Dual Horse Journey

Two unusual horses are playing a game on a board similar to chess. Initially, one horse is at point \((x_1,y_1)\) and the other at \((x_2,y_2)\). Both horses must reach the destination \((1,1)\) in the minimum number of moves. Unlike standard chess knights, these horses can move in two different ways:

• Knight Move ("\(\text{走日}\)" move): They can jump in an L-shape. In one move, a horse can change its position by either \((\pm2, \pm1)\) or \((\pm1, \pm2)\).
• Elephant Move ("\(\text{走田}\)" move): A horse can also move exactly two steps diagonally, i.e. from \((x, y)\) to \((x \pm 2, y \pm 2)\).

Note that a move is only valid if after moving both coordinates remain \(> 0\) (i.e. \(x>0\) and \(y>0\)).

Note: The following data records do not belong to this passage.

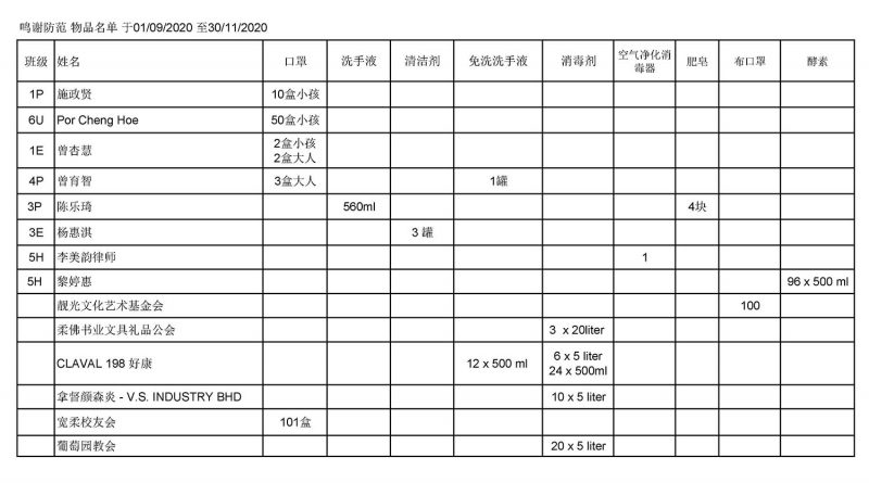 详情 >>鸣谢防范物品名单(01-09-2020~30-11-2020)。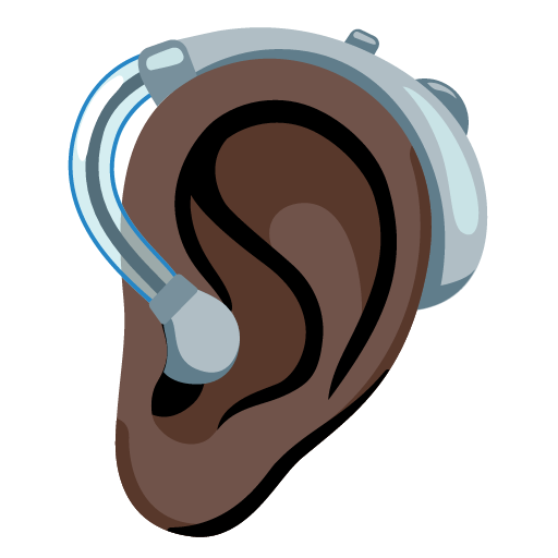 The above meaning was generated by artificial intelligence. It may contain errors or inaccuracies, or be entirely untrue.Copy the ear with hearing aid: dark skin tone emoji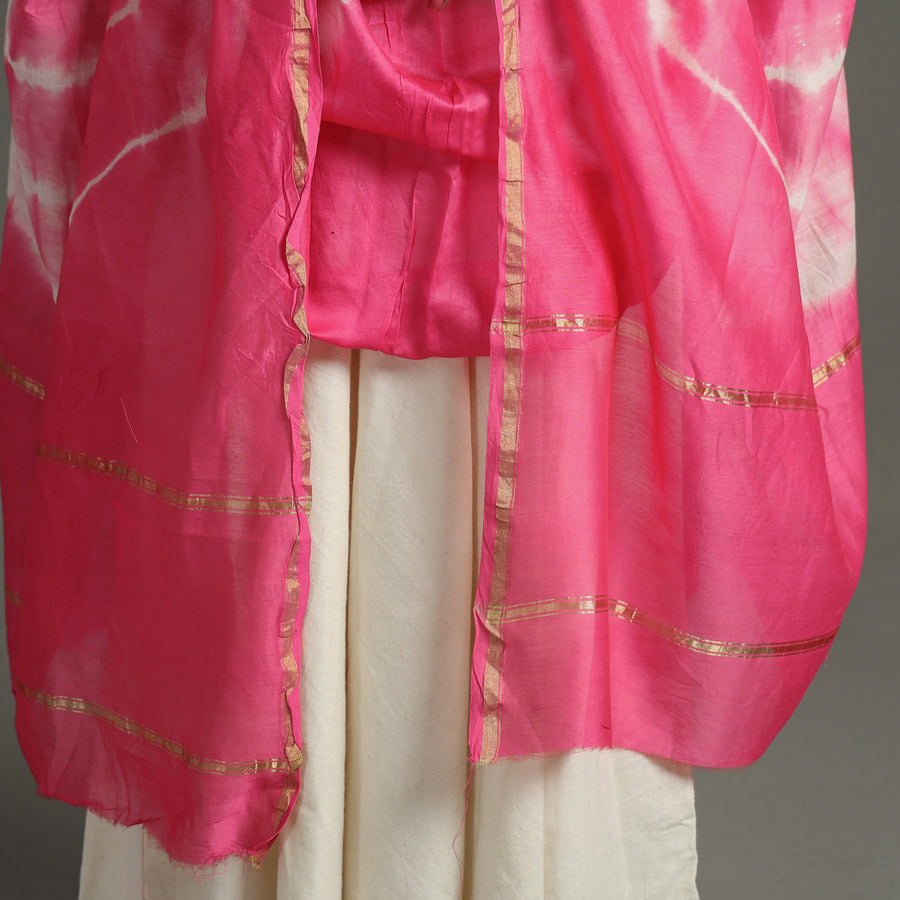 Fine quality shibori tie-dye handloom chanderi silk dupatta with zari border. This dupatta is hand dyed using shibori tie and dye technique in which the fabric is tied using clamp or stitches in the required design and the pattern is dyed. Chanderi silks are known for its gossamer looks and amazing feel. Chanderi weaving is practiced in the historic town of Chanderi in Madhya Pradesh.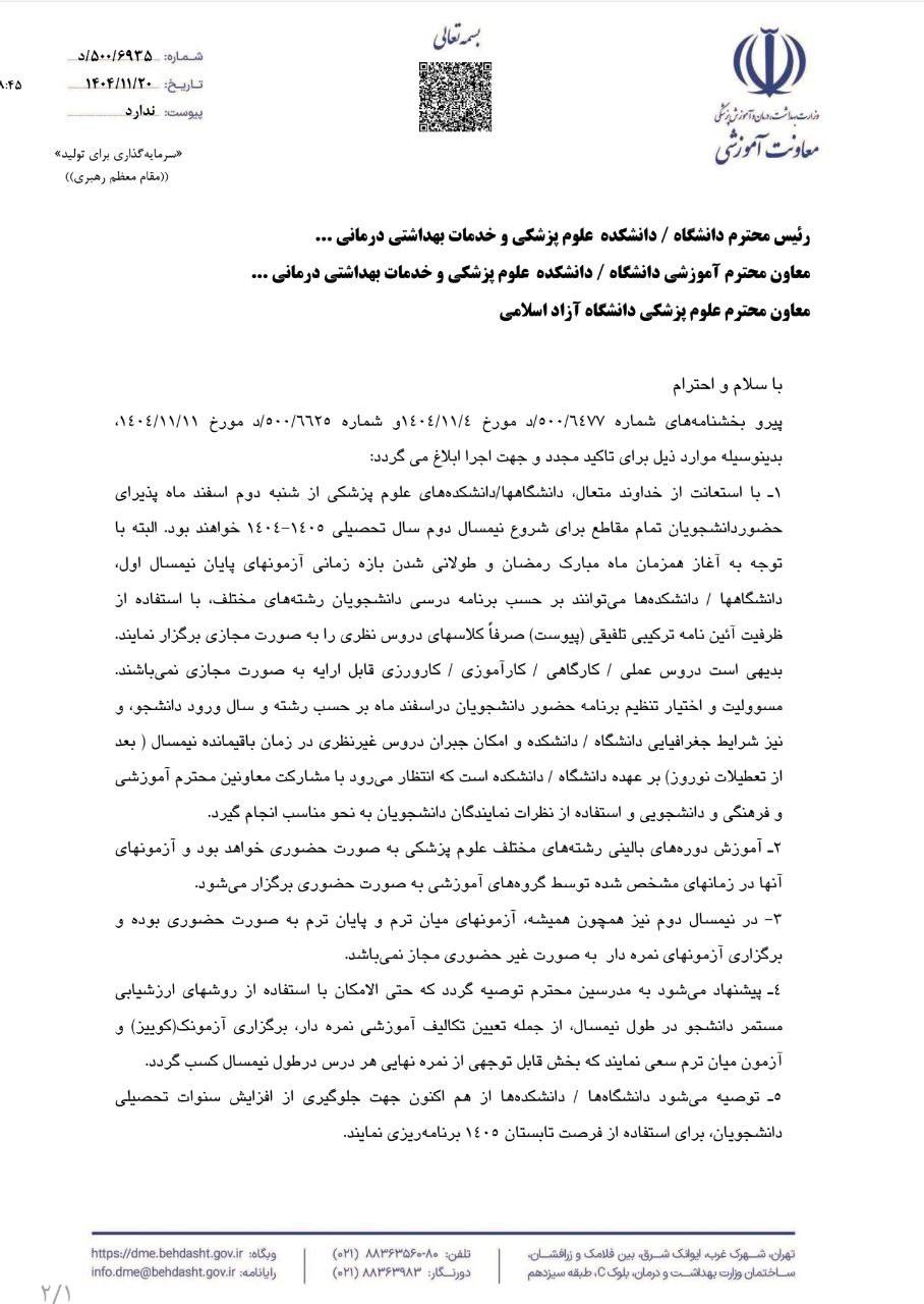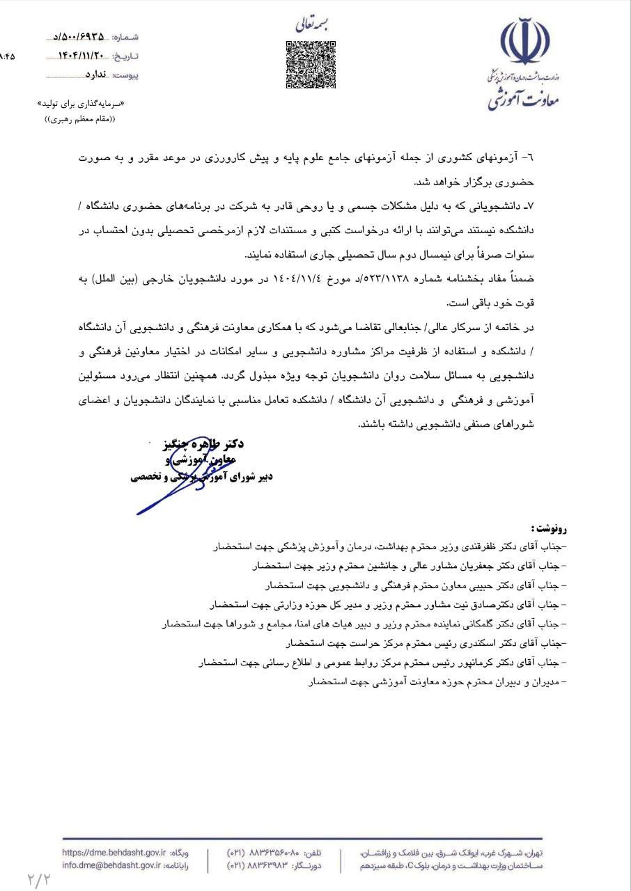 با توجه به نامه رسمی معاونت آموزشی وزارت بهداشت، آزمون طبق برنامه در ۱۴ اسفند برگزار میشه.

Your task is to determine the minimum total number of moves required for both horses to reach \((1,1)\). Each horse moves independently using any combination of the allowed moves.

If a horse is already at \((1,1)\), it requires \(0\) moves.

inputFormat

The input consists of a single line containing four space-separated positive integers:

x1 y1 x2 y2

Here, \((x_1, y_1)\) and \((x_2, y_2)\) are the starting coordinates of the two horses.

outputFormat

Output a single integer: the sum of the minimum moves required for the first horse and the second horse to reach \((1,1)\).

sample

3 3 3 3

2